Please correct me where I'm wrong, there's a lot of FUD and also a lot of super "AMD is immune" nonsense.
As it is, there is no proof of concept for hard to fix spectre on AMD.
Wow, sent an e-mail as suggested when clicking on "use classic" banner, and got a fast response that addressed my msg
Many of the worst malware in the last two decades started with vulnerabilities that were announced as theoretical!
There's nothing theoretical about it. All three bugs had working proof of concepts published on the day of release.
It didn't help that the same people reported both vulnerabilities at the same time in regards to clarity. Let's call it unfortunate that both vulnerabilities are always lumped together. Meltdown is caused by a massive design flaw of Intel processors. I think Intel should replace all affected processors at no charge and cover the expenses to make hardware replacements. Instead they hand out patches that to a varying degree cripple performance. Nice going after folks already overpaid. Intel used to be only expensive, now it is expensive and crappy...just like Apple.
Most of us define a modern chip as one with a modern processor (processors) and modern is generally one with out of order execution.
The main advantage of OoO execution is enabling speculation where instructions that can't be guaranteed to be executed in the future _but_ are likely to be are allowed to begin execution.

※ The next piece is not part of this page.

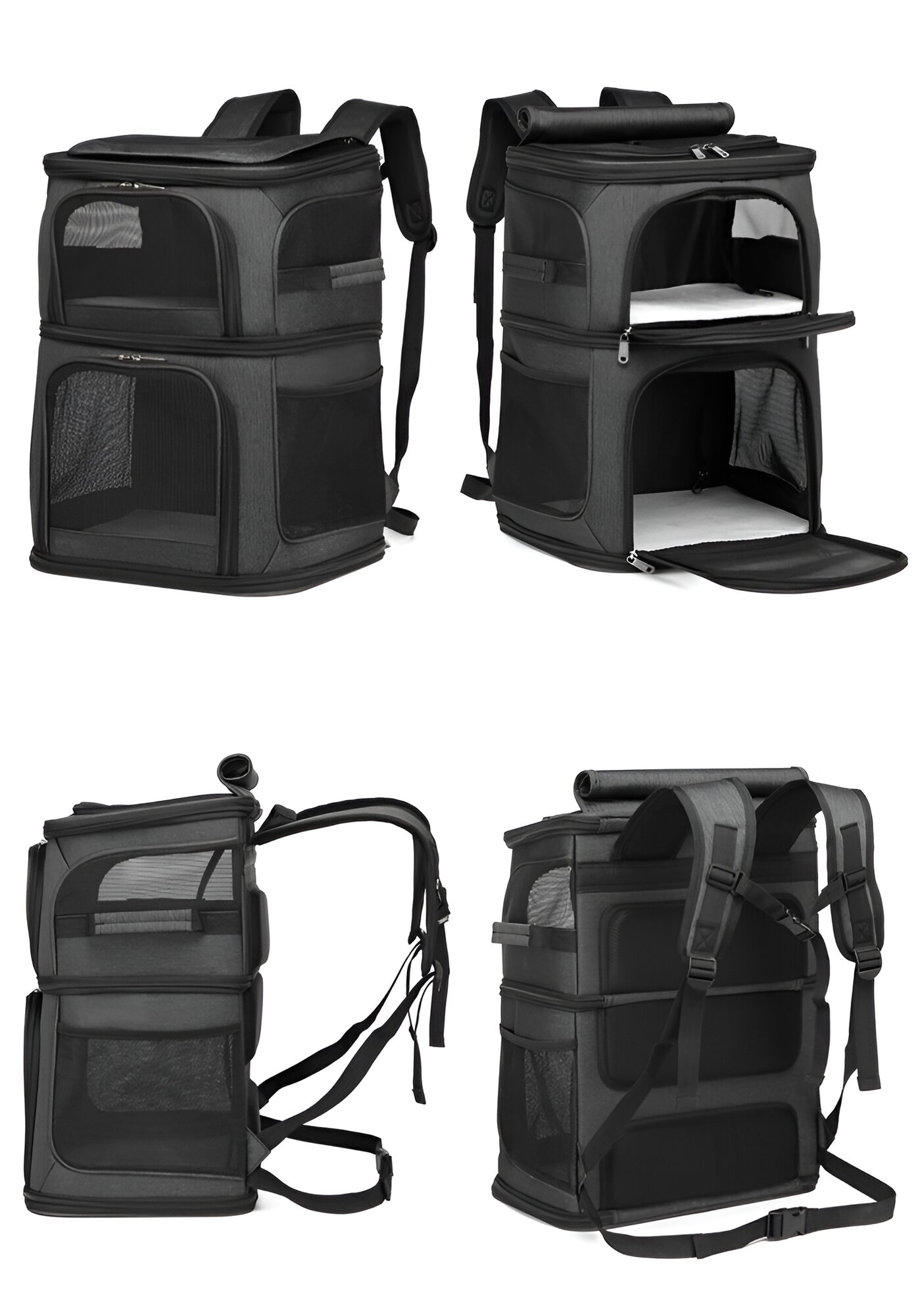 Переноска-рюкзак, для двух кошек, оксфорд, гигиенический коврик, складная, черная интересное:

This means things that would stall (=halt execution) a processor with no speculation can be bypassed which greatly increases the performance of the design, if the instruction is later detected to be wrongly executed the processor erases anything dependent on it and restarts on the right path.
Spectre and Meltdown both take advantage of the fact that while architectural state (what the programmer should see) isn't the same as the micro-architectural state including what is stored in caches (not architectural in the majority of designs). Thus the result of speculative execution can sometimes be read in the micro-architectural state via e.g. timing of cache misses/hits.
But note that modern processor cores that doesn't support OoO execution still generally have limited speculative execution and can in theory be susceptible to Spectre - I don't know of any example.
TL;DR Spectre does indeed attack pretty much anything modern as in having used modern designs.
That makes no sense. Your computer privileges have been revoked for being an idiot.